Saul Nash

It’s hard to think of previous times when functional wear was so slavishly fawned over and yet simultaneously omnipresent, not only in the sports sphere but in high fashion. 2017 was the year you could cop an £80 pair of Nike’s sneakers that looked exactly like the Opening Ceremony tracksuits or camp overnight outside Supreme for their limited runs, while the pinnacle of high-end normcore, Yeezy Season 2, sold out in seconds. High fashion and functional dressing completed its uneasy blend into a beast with two heads – Utility and Hype – with no one sure which way they’ll pull next and who’ll win. Sporting neither the sight-flashing prints of Matty Bovan nor the prospects of an established brand like Craig Green, Saul Nash stomps the ground with a clean slate of premium functional wear. “I think authenticity is key,” he says, “I am someone who has always been about clothing and what they represent personally, but also how they enable people to embody their identity in a wider sense.” Nash wants to remain free and unconfined, with a performance-charged proclivity that hopes to never get hindered. Heavily influenced by the melting pot of dance and his own cultural background, the burgeoning label follows a process where you “feel self-liberation and confidence for who you are.” With movement in mind, his apparel provides functional ventilation and evolves to a far-from-blocky design manifesto. More conceivably, Nash is all about individualism and comfort: the RCA grad owns a vision that fluidly dances between the uniformity of menswear and the contemporary ease of wear to incite a wardrobe for the working man on the move. His dynamic scratch check echoes a kind of practicality part of the future Saul Nash roster, Fucking Young! gets to know Saul Nash, but don’t expect him to be turning out the pockets on his garments (that would reveal too many secrets).

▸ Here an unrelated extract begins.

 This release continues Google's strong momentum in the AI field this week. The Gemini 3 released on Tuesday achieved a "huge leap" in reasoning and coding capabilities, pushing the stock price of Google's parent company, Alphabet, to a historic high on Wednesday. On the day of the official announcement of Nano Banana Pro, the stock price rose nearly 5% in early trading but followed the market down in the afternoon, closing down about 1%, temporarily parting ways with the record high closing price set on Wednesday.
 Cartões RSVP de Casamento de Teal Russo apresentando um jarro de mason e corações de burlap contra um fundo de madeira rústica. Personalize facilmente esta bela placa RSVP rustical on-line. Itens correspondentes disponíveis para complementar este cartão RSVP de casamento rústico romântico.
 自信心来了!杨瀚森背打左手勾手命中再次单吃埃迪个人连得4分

What’s good Saul, thanks for tuning in. What propelled you to expand your identity fashion and the creative field?

I have danced all my life. Since my time in secondary school, I had a constant tension between dance and Art. I was always looking to creativity as an outlet, approaching practices such as drawing, sewing, and music. Then, I decided to go on and study Performance Design Practice at Central Saint Martins, though I later chose to study menswear at the RCA. That time was fundamental as it enabled me to explore my creativity to tell a story.


How do you feel you’ve grown as a designer since you first started?

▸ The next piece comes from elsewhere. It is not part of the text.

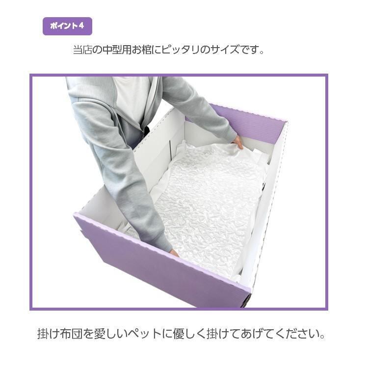 当店オリジナルのダンボール製ペットのお棺・中型犬用に対応している火葬用布団です。

I firmly believe I have grown as an individual. My experiences over the past few seasons have definitely helped in shaping me, and whilst we are always learning, I think that it is only through experience that you really understand what your artistic role is.


Could you say living in London inspire your style/inspiration?

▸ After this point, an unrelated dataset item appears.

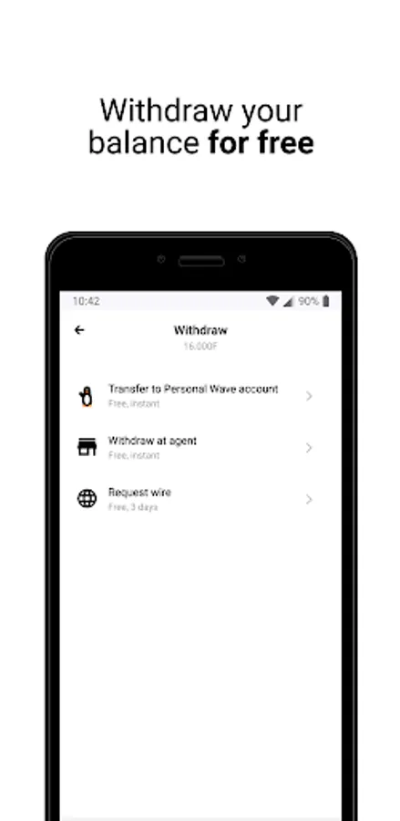 🤑 Withdraw your balance for free to your Wave wallet, at any Wave agent or by wire transfer

My work is definitely informed by my personal experience. Being born and raised in London, the experiences I have come in contact with evolve around different contexts in the city. This most definitely feeds and informs how I see men and how they are presented within my work.


Your background incorporates both menswear and performance dance, combining the likes of both codes in refreshing ways. You’ve managed to set a new pace in functional-led design, and with your STATIC/MOTION collection you’ve particularly imbued poetry and the kinetics of the body to dynamic levels. How hard is it for you to place yourself amid the number of brands producing similar lines?

I think authenticity is key. I believe in doing what you believe in is pivotal in the world of fashion. Clothing is one of our basic needs. But beyond this, it can be used as a tool to tell stories and enable people to feel self-liberation and confidence in who they are. I think that although things may seem similar at face value, it is the very route and story of the brand which enables people who identify with it to relate. I haven’t really found it difficult because I am focused on my brand’s own narrative & story.


Where did the idea of mixing both designs come from?

I see it more as a practice or a lifelong investigation. I am someone who has always been about clothing and what they represent personally but also how they enable people to embody their identity in a wider sense. Dance is about using the body to tell a narrative. Therefore, I have always seen the two to go hand in hand as they are so centered around the body. It wasn’t until I studied menswear at the Royal College of Art where there was an emphasis on one’s identity. The course pushed me to focus on designing from within: I have danced and worn sportswear since I was a child, so it is only intuitive that the two would merge together in some way. 

Your hybrids incorporate lots of neutrals and beams of fluorescent tonalities. Where do you reference your color-coding?

My colors are often drawn from inverted imagery. Within these images, I draw out loud colors that offset themselves against cool muted tones, which for me seem to dance between the lines of fitting in and standing out. When zipped, the colors of the garments must provide disguise, however, when unzipped they must provide liberation to their wearer.


How have you tackled sustainability since the founding of your brand?

Although it is impossible to claim 100 percent sustainability, it is something that we are conscious of. An advantage of being a small brand is having the ability to control and understand where materials are coming from.


What is your ethnic background?

My mother is Caribbean with Guyanese parents but born in Barbados and my father Is Indo -Mauritian and English. 

As a DAZED 100 nominee, we saw you’d like to create a multiple-day performance where audiences can watch. How come?

Personally, there have always been multiple layers to my creative interests and for me, the many ways to present my work through dance and movement will always remain a curiosity. The idea of the performance being multi-day comes from an interest in using the platform to display a multitude of talents within my community.